A security researcher has published today proof-of-concept code for an unpatched Google Chrome vulnerability.
The security flaw has been fixed in V8, Chrome's JavaScript engine, but the fix has not yet reached the browser's stable version --v73-- the one used by an estimated over one billion users.
CHROME'S PATCH DELAY PROBLEM
The exploit code was put together by István Kurucsai, a security researcher for Exodus Intelligence, and released today on GitHub, along with a demo video (see above).
The reason why the researcher published this proof-of-concept exploit code was to highlight a glaring hole in Google's patching process, which allows for a small interval of time during which attackers can develop Chrome exploits and launch attacks on users.
This gap comes from Chrome's IT supply chain, which involves importing and testing code from different open source projects.
In this case, Google engineers fixed a V8 security issue on March 18, which it later become public in the V8 project's changelog and source code, but had yet to reach the Chrome Stable release.
This patch is currently traveling the Chrome assembly line, which involves being integrated into the Chromium open-source browser project, and then integrated into the Chrome codebase, and then tested in Chrome Canary and Chrome Beta releases before reaching the final Stable branch in the form of a patch.

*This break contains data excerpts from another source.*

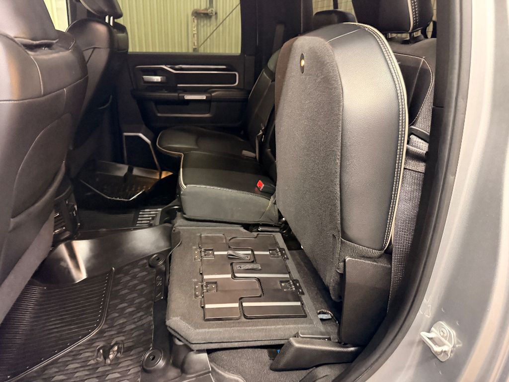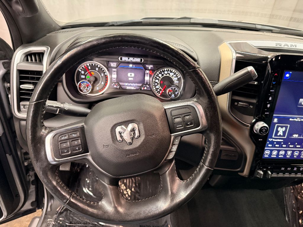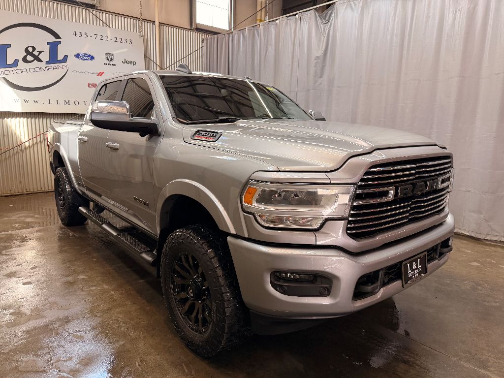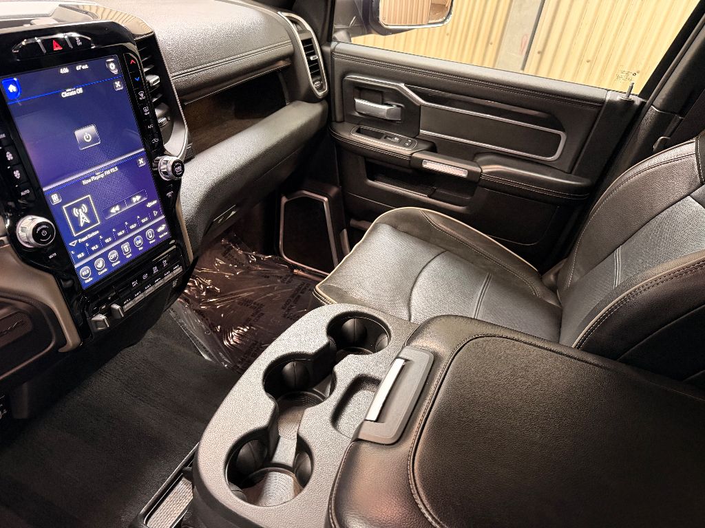 Cold Weather Group: Engine Block Heater; Winter Front Grille Cover,Laramie Level 1 Equipment Group: Remote Tailgate Release; Auto High Beam Headlamp Control; Blind Spot and Cross Path Detection; Rain Sensitive Windshield Wipers; Power Adjustable Pedals with Memory; Foam Bottle Insert (door Trim Panel); Single Disc Remote CD Player; 2nd Row in Floor Storage Bins; Radio/driver Seat/mirrors/pedals Memory; Ventilated Front Seats,Quick Order Package 2HH Laramie,Sport Appearance Package: Body Color Grille Surround; Black Interior Accents; Sport Decal; Body Color Door Handles; Painted Front Bumper; Painted Rear Bumper,Towing Technology Group: Center Stop Lamp with Cargo View Camera; Surround View Camera System; Blind Spot and Cross Path Detection; Trailer Reverse Guidance,Protection Group: Tow Hooks; Transfer Case Skid Plate Shield,Uconnect Radio 12.0 with Navigation,Blind Spot and Cross Path Detection,Anti-Spin Differential Rear Axle,Center Stop Lamp with Cargo View Camera,Single Disc Remote CD Player,Billet Silver Metallic CC,LED Bed Lighting,Front and Rear Rubber Floor Mats,Instrument Panel Mounted Auxiliary Switches,Apple CarPlay/Android Auto smart device mirroring,Ventilated driver and front passenger seats,Integrated navigation system with voice activation,Blind Spot Detection,Keyfob remote start,Heated steering wheel,Bluetooth handsfree wireless device connectivity,Heated driver and front passenger seats,Simulated suede and leather front seat upholstery,Driver seat with 8-way directional controls,Front passenger seat with 8-way directional controls,Keyfob trunk control,12 inch primary display,Mobile hotspot internet access,Surround View rear mounted camera,Brake assist system,Cruise control with steering wheel mounted controls,Primary monitor touchscreen,Cross Path Detection collision warning,Driver seat power reclining, lumbar support, cushion tilt, fore/aft control and height adjustable control,Part-time 4WD,Cummins 6.7L I-6 diesel direct injection, VVT intercooled turbo, diesel, engine with 370HP,Cummins 6.7L I-6,Keyless Enter 'N Go with hands-free access and push button start,Aerial view camera,Smart device remote start,Push-button,Wireless audio streaming,Trailer Reverse Guidance vehicle to trailer hitching assist,Front mounted camera,Right side camera,Pickup box camera,Left side camera,Dual-zone front climate control,Auto high-beam headlights,Sentry Key immobilizer,Alpine speakers,Active noise cancellation,SiriusXM Traffic Plus real-time traffic,SiriusXM Guardian vehicle integrated emergency SOS system,Trailer brake controller,Trailer sway control,Uconnect external memory control,Internet radio capability,9 USB ports,Electronic stability control system with anti-roll,Hill start assist,Automatic climate control,ParkSense front and rear parking sensors,LED daytime running lights
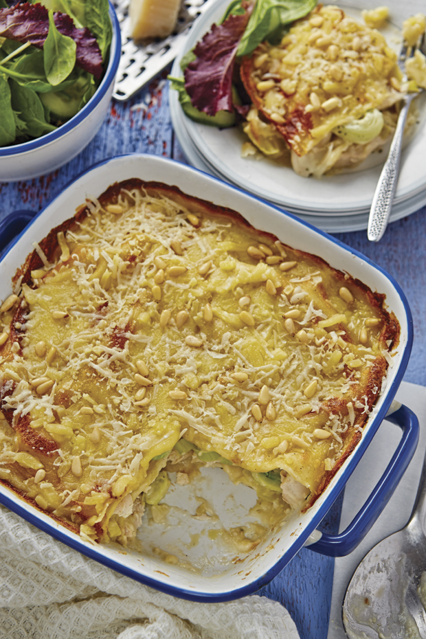 Potrebno je: 200 g kora za lazanje, 200 g pilećih grudi, 100 g praziluka, 100 g karfiola, 50 g putera, 2 kašike maslinovog ulja, seckani peršun, so, biber, ruzmarin
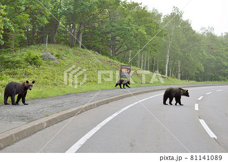 道路を悠然と横切るエゾヒグマ ヒグマ 羆
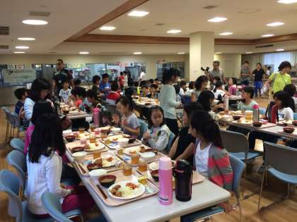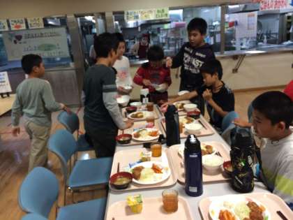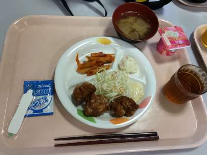 入所式の後は,オリエンテーションがあり,それぞれ部屋に荷物を入れました。そして夕食です。メニューは,からあげ・トマトペンネ・ポテトサラダ・豚汁です。
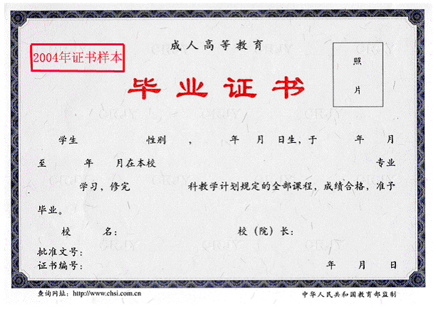 全国成人高等教育毕业证书样式

"As a result of its open-source development model, while security fixes are immediately visible in the source tree, they need time to be tested in the non-stable release channels of Chrome before they can be pushed out via the auto-update mechanism as part of a stable release to most of the user-base," Kurucsai said today in a report he published on the Exodus Intelligence website.
"In effect, there's a window of opportunity for attackers ranging from a couple days to weeks in which the vulnerability details are practically public yet most of the users are vulnerable and cannot obtain a patch," he added.